Tomasz predicts that since most workloads are small, data teams will begin to use in-process and in-memory/in-process databases to analyze and move datasets.
Particularly for teams that need to scale quickly, these solutions are fast to get started and can rise to enterprise level functionality with commercial cloud offerings.
8. Right-sizing will take priority
Today’s data leaders are faced with an impossible task. Use more data, create more impact, leverage more AI — but lower those cloud costs.
As Harvard Business Review puts it, chief data and AI officers are set up to fail. As of Q1 2023, IDC reports that cloud infrastructure spending rose to $21.5 billion. According to McKinsey, many companies are seeing cloud spend grow up to 30% each year.
Low-impact approaches like metadata monitoring and tools that allow teams to see and right-size utilization will be invaluable in 2024
9. The Iceberg will rise (Apache Iceberg)
Apache Iceberg is an open source data lakehouse table format developed by the data engineering team at Netflix to provide a faster and easier way to process large datasets at scale. It’s designed to be easily queryable with SQL even for large analytic tables with petabytes of data.
Where modern data warehouses and lakehouses will offer both compute and storage, Iceberg focuses on providing cost effective, structured storage that can be accessed by the many different engines that may be leveraged across your organization at the same time, like Apache Spark, Trino, Apache Flink, Presto, Apache Hive, and Impala.
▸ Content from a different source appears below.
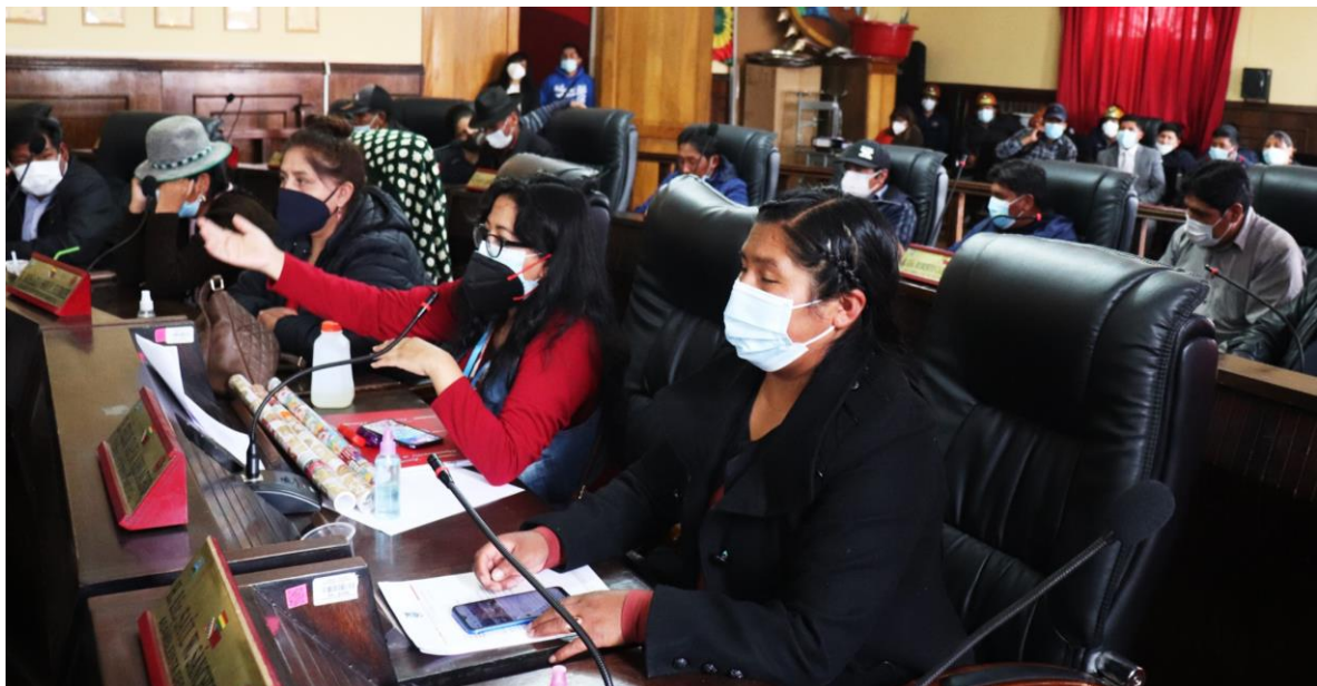
POCAS OPORTUNIDADES DE PARTICIPACIÓN DE LAS MUJERES EN SESIONES DEL A.L.D.O.

Recently, Databricks announced that Delta tables metadata will also be compatible with the Iceberg format, and Snowflake has also been moving aggressively to integrate with Iceberg. As the lakehouse becomes a de facto solution for many organizations, Apache Iceberg—and Iceberg alternatives—are likely to continue to grow in popularity as well.
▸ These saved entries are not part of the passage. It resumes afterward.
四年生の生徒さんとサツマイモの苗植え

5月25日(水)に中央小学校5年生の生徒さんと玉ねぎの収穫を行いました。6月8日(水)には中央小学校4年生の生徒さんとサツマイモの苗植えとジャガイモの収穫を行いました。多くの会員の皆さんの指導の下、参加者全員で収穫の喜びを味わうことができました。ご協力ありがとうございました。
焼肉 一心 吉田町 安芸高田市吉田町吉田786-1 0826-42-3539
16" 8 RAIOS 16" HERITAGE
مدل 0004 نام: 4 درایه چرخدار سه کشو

10. Return to office for…someone
RTO—everyone’s least favorite initialism. Or possibly their favorite! Honestly, we can’t keep up at this point. While teams appear to be divided on the issue, more and more teams are being called back to their cubicle/open floor plan/flexible working environments for at least a couple days per week.
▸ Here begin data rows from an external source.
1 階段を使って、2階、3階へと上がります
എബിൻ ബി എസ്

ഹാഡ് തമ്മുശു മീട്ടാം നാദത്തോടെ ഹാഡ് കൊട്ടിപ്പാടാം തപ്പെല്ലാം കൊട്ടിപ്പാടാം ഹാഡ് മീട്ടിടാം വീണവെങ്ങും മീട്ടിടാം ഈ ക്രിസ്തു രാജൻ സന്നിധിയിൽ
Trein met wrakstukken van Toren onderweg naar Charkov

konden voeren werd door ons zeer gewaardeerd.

According to a September 2023 report by Resume Builder, 90% of companies plan to enforce return-to-office policies by the end of 2024—nearly four years after that fateful spring in 2020. In fact, several powerful CEOs – including Amazon’s Andy Jassy, OpenAI’s Sam Altman, and Google’s Sundar Pichai – have already enacted return-to-office policies over the past several months.
And there do appear to be at least some benefits to working in an office (at least part-time) versus exclusively from home.
Find yourself in the stay-at-home-forever camp? It appears the answer—as is always the case in data—is to deliver more value. Despite recent economic headwinds and its impact on the job market, data and AI teams are in high demand. And employers will often do what it takes to get them—and keep them. While some companies are mandating all employees return to the office regardless of role, other companies like Salesforce are requesting that non-remote engineers go in much less, for a total of 10 days per quarter.